Quanto a Eduardo Japiassú (que faz a entrada mais glamourosa da Madame, de todas as encenações que já vi desse texto), percebia-se que o ator não mantinha um trabalho afinado com a interpretação que Jorge de Paula oferecia da personagem Clara. Explico melhor o comentário. Ao longo da peça, Clara está interpretando, as mais das vezes, o papel de Madame. Certamente, essa interpretação tange o caricatural, o que mostra terem sido os encenadores fiéis à proposta do texto de Genet, quando se refere a Clara: son geste - le bras tendu - et le ton seront d’un tragique exaspéré. Acreditamos que Eduardo Japiassú deveria ter mantido um diálogo mais intenso com Jorge de Paula, a fim de que suas personagens pudessem oferecer certa similaridade, ou melhor, que a personagem da Madame contivesse índices já previstos pela imitação caricatural de Clara, haja vista o jogo de espelhos presente na peça. Não houve isso naquele momento. Mas da última vez que assisti ao espetáculo, constatei que tanto o trabalho de Antônio Rodrigues quanto o de Eduardo Japiassú se transformaram para melhor.

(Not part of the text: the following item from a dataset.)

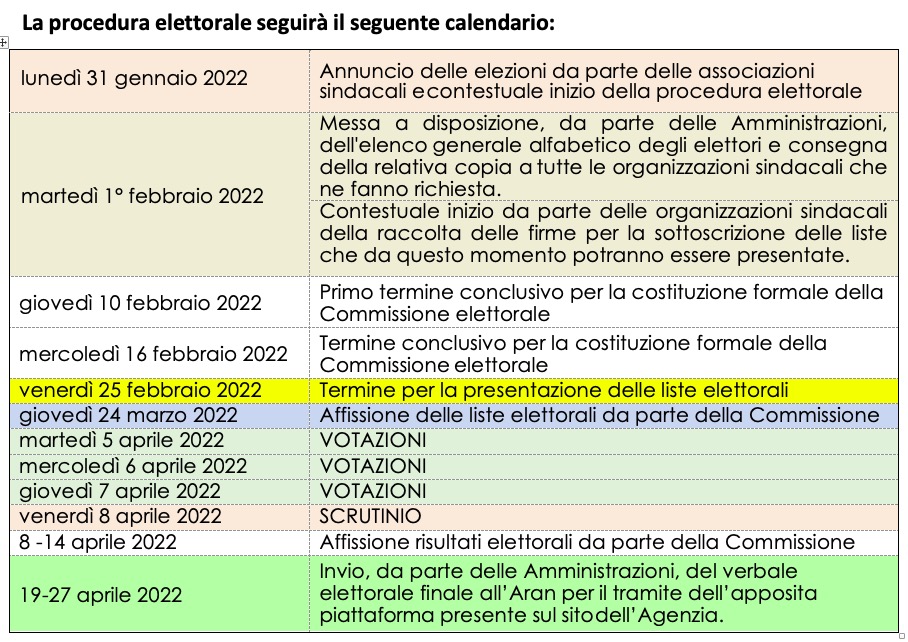 Si informa che, in conformità con Accordo Collettivo Quadro per la costituzione delle Rappresentanze Sindacali del 7 agosto 1998 e con il Protocollo per la definizione del calendario delle votazioni per il rinnovo delle Rappresentanze Sindacali unitarie del personale del comparto Istruzione e Ricerca (Circolare ARAN del 27 gennaio 2022), sono indette le elezioni per il rinnovo delle Rappresentanze Sindacali Unitarie.

O primeiro adicionou expressões sutis, sem redundar em mera histrionice; além disso, alcançou um desenho corporal mais afinado com o de seu colega de cena, Jorge de Paula. Eduardo Japiassú, por sua vez, buscou no trabalho vocal a afetação necessária, naquele contexto, à Madame, dando maior realce à sua personagem.
A iluminação e a sonoplastia são, também, os pontos altos do espetáculo. O trabalho de Marcelo Sena demonstrou pesquisa da música japonesa para chegar ao efeito pretendido pelos encenadores. Mais particularmente, o maior mérito da sonoplastia foi o de estar a serviço do ritmo da trama, acentuando momentos significativos da ação dramática. Quanto à iluminação, optou-se por um clima sombrio, o que era realçado pela cor predominante do cenário, preto e branco. Também a iluminação realçava a referência aos Mangas e Animes, valendo-se, para tanto, de técnicas cinematográficas, como o close-up. Só para citar um exemplo, a cada estranha pista que a Madame ia encontrando em seu aposento, a luz focalizava-se no rosto de cada criada, gerando um efeito ótico correspondente, no cinema, ao efeito gerado pela edição e pela montagem. A luz, assim, contribui para sublinhar o caráter pop que o texto de Genet ganhou nessa montagem da Cênicas Companhia de Repertório.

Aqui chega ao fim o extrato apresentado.